- VHS Cover
- Written by: Juliet Giglio Keith Giglio Charles F. Bohl
- Directed by: Ken Kwapis
- Starring: Tony Danza Wallace Shawn Jane Sibbett
- Music by: Van Dyke Parks
- Country of origin: United States
- Original language: English

Production
- Producer: Steven North
- Cinematography: Ron Orieux Brian Whittred
- Running time: 120 minutes
- Production companies: Noah Productions Ltd. Walt Disney Television

Original release
- Network: ABC
- Release: October 11, 1998

= Noah (1998 film) =

Disney's Noah is a 1998 television film directed by Ken Kwapis.

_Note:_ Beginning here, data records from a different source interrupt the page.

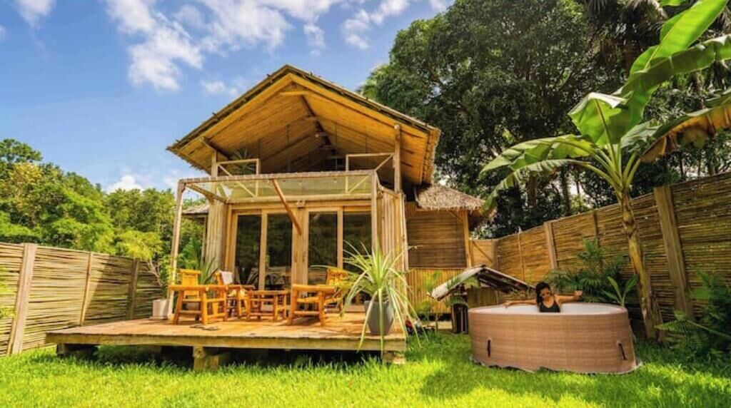 Stunning 2 bedroom bamboo villa with jacuzzi, set in a picturesque rice field with incredible views.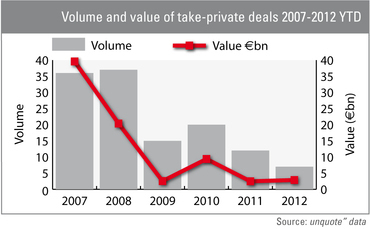 As the stock market recovered following 2009, PIPE deals have tailed off, but the economy remains depressed, and as such there have been few significant take-privates as firms continue to struggle to raise the sort of financing needed to take major listed companies off the market.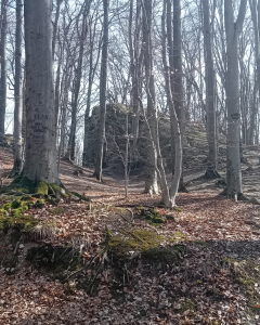 A nap kedvezett nekünk: kellemes, napos tavaszi idő fogadott, és a Zsivány-sziklákig vezető ösvény szépen kínálta magát. Az erdő még a téli álmát aludta – a fák kopaszak, a csend sűrű –, de aki figyelt, az már itt is megtalálta a tavasz első jeleit. Néhány bátor kis növény már előbújt a lehullott levelek alól, a madarak éneke betöltötte a lombtalan ágak közötti teret, és egy hatalmas erdei hangyaboly is megállásra késztetett minket – benne már élénken nyüzsögtek a hangyák, mintha ők sem akartak volna tovább várni a tavaszra.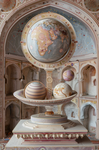 an ancient model with three planets and various constellations, in the style of spirals and curves, intricately mapped worlds, dissected books, light magenta and sky-blue, radiating lines, bibliographic anomalies, bold chromaticity, an old building with a flower design on ceilings under arches, in the style of contemporary indian art, petrina hicks, light crimson and light amber, zen buddhism influence, organic architecture, passage, siya oum --ar 29:44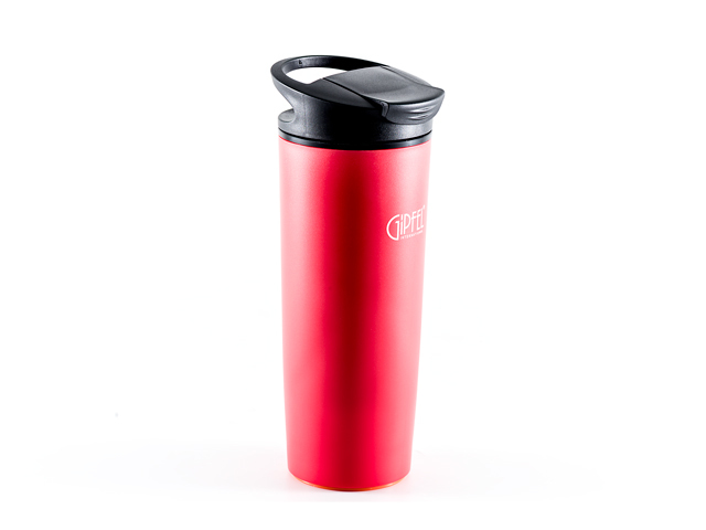 Кружка дорожная Gipfel 7810. Размер 8,22х9,27х23 см. Объем 450 м л. Кружка красного цвета с черной крышкой. Материал: PP, ABS. У кружки двойные стенки. Пластиковая крышка имеет защиту от брызг. Кружка упакована в фирменную красочную коробку.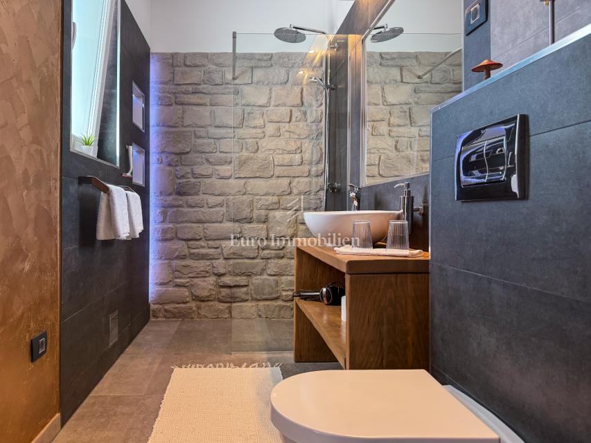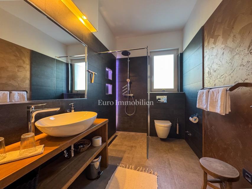 Posebna prednost je wellness zona s direktnim pristupom s terase, koja uključuje saunu, tuš, toalet i grijani Laconium.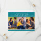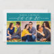 These stylish wedding save the date announcement cards include three 2 x 3" engagement photos with the date featured in elegant script writing. Personalize the card template wording on the front and back of the card for your big day. The teal green background and text colour can be customized to coordinate with your wedding colour scheme.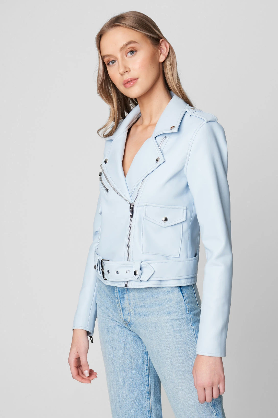 Pu Moto with attached belt[Shell 60 Polyurethane 40 Viscose Lining 97 Polyester 3 Spandex][Wipe Shell Clean With Damp Cloth Do Not Machine Wash Do Not Bleach Do Not Tumble Dry Do Not Iron Do Not Dry Clean][Model Measurements: Height 5′ 9″ Waist 24″][Size on Model: Small]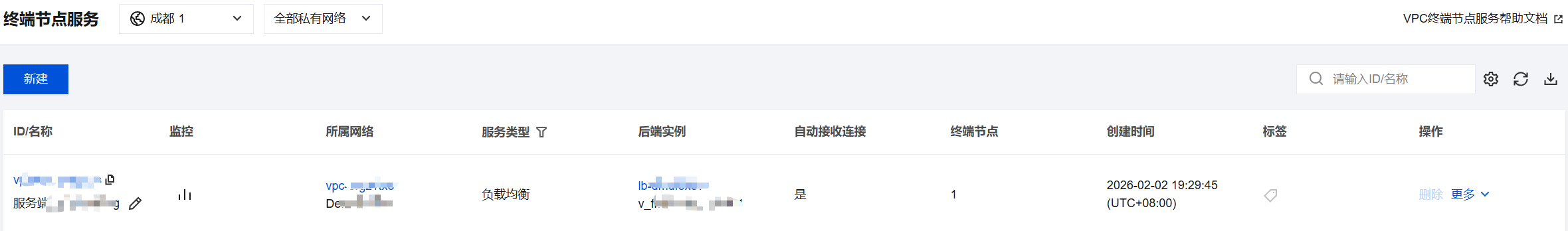 4. 单击确定,创建成功的终端节点服务展示在列表中。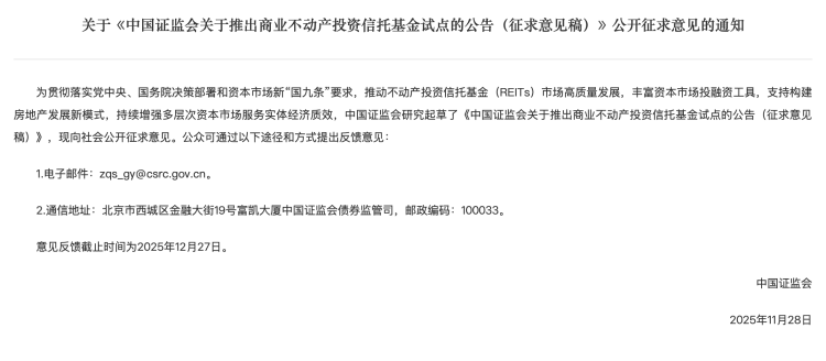 - 证监会就推出买卖不动产REITs试点公开征求意见2025-12-13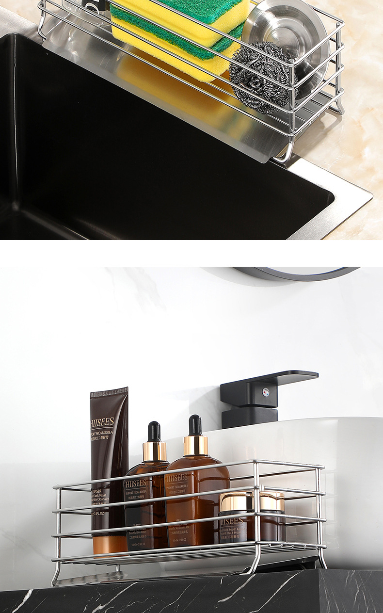 シンプルな透かし彫りの排水棚家庭用キッチン穴開けないステンレススポンジ雑巾食器洗浄水槽収納棚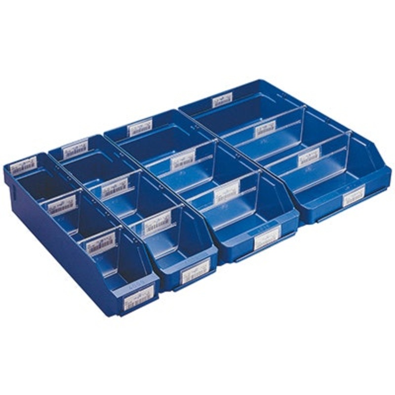 Bin design includes a semi-open front, a facility for transparent dividers and a bin stop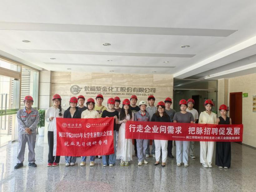 为深化产教融合,探索化工行业发展趋势与人才需求,7月1日至3日,美狮贵宾会ms092021学生工作部、材料与化学工程学院联合组织14名学生赴龙岩上杭工业园开展“行走的招聘会”暑期社会实践活动,先后走访了天甫电子材料有限公司、瓮福紫金化工股份有限公司、常青新能源科技有限公司、新安科技有限责任公司、时代思康新材料有限公司五家重点化工企业。通过实地考察、技术交流、岗位体验等形式,深入了解了化工产业的技术创新、企业发展及人才需求,为高校人才培养与就业指导提供了重要参考。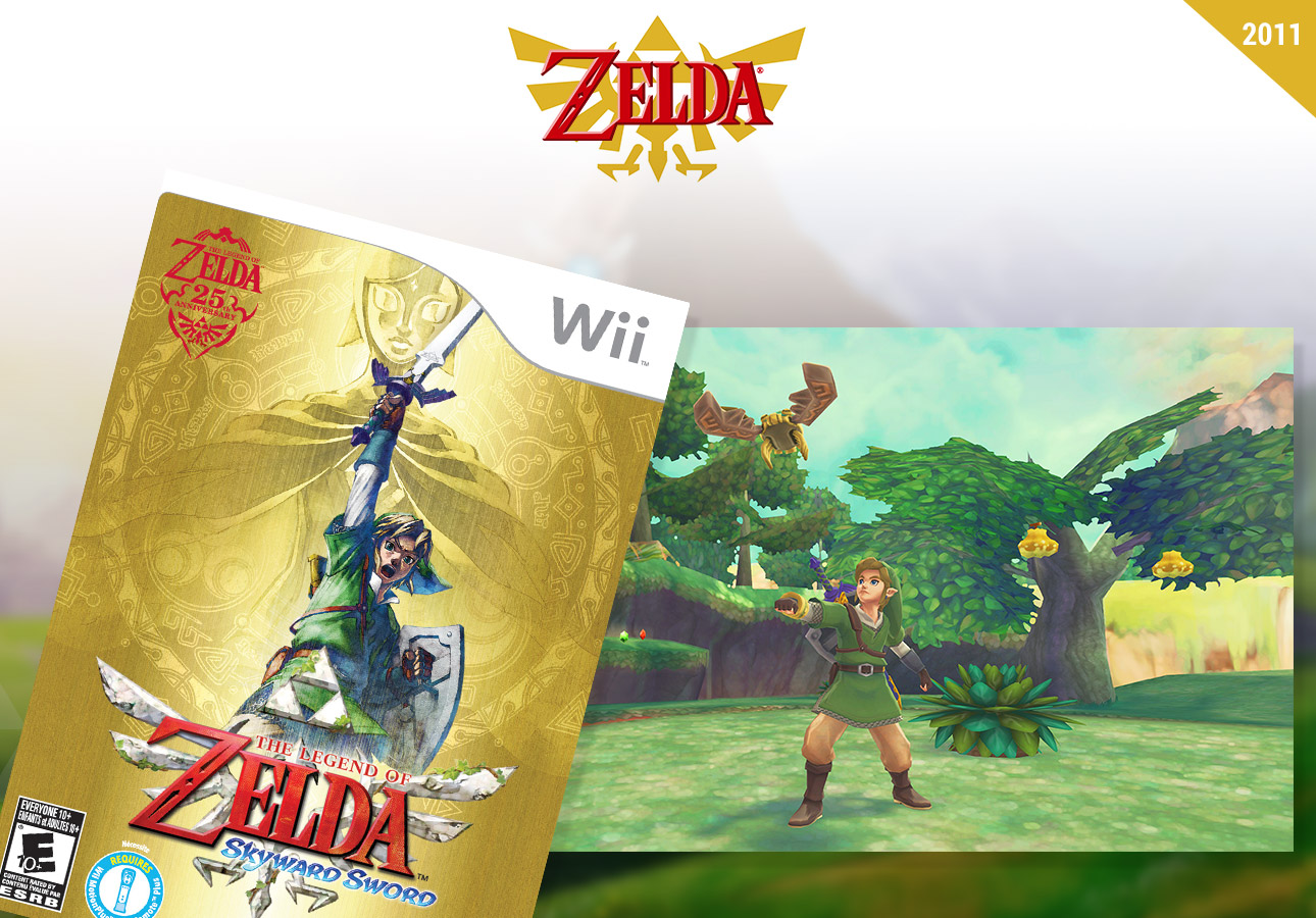 Primer título de la saga desarrollado en exclusiva para Wii, y explotando al máximo por lo tanto las capacidades del célebre mando Wiimote. Concebido como una precuela de Ocarina of Time, Skyward Sword destacó por ciertas innovaciones en las mecánicas clásicas de la saga y por su espectacular trabajo artístico.

The movie premiered on ABC on October 11, 1998, as part of The Wonderful World of Disney and stars Tony Danza as a modern-day jaded contractor who undergoes a remarkable transformation while building an ark like Noah's. It also stars Wallace Shawn and Jane Sibbett.

==Plot==

In order to save his family and home town, contractor Norman Waters (Tony Danza) is tasked by an angel named Zach (Wallace Shawn) to rebuild Noah's Ark in 40 days to prepare for a great massive flood.

==Cast==
- Tony Danza as Norman Waters
- Wallace Shawn as Zach
- Jane Sibbett as Angela
- Chris Marquette as Daniel Waters
- Jesse Moss as Levon Waters
- Michal Suchánek as Benny Waters
- Lloyd Berry as Noah
- Kevin McNulty as Norman's boss
- Nicola Cavendish as Penelope the restaurant owner
- Paul Coeur as Ray the bribe taking Inspector
- Jane McGregor as Kathy Simmons Levon's girlfriend
- Joe Norman Shaw as Aris Norman's competitor
- Jaia Talisman as Cute woman (as Anita Matthys) Aris’ girlfriend
- Melanie Merkosky as Cheerleader #1
- Lisa Christie as Telephone Girl #3
- Kyla Wise as Elevator Girl (as Kyla Anderson)
- Linda Red Hawk: Yoga Teacher

==Reception==
In reviewing films influenced by the tale of Noah's Ark, Dan Craft of The Pantagraph called Noah a "dire Disney Channel offering".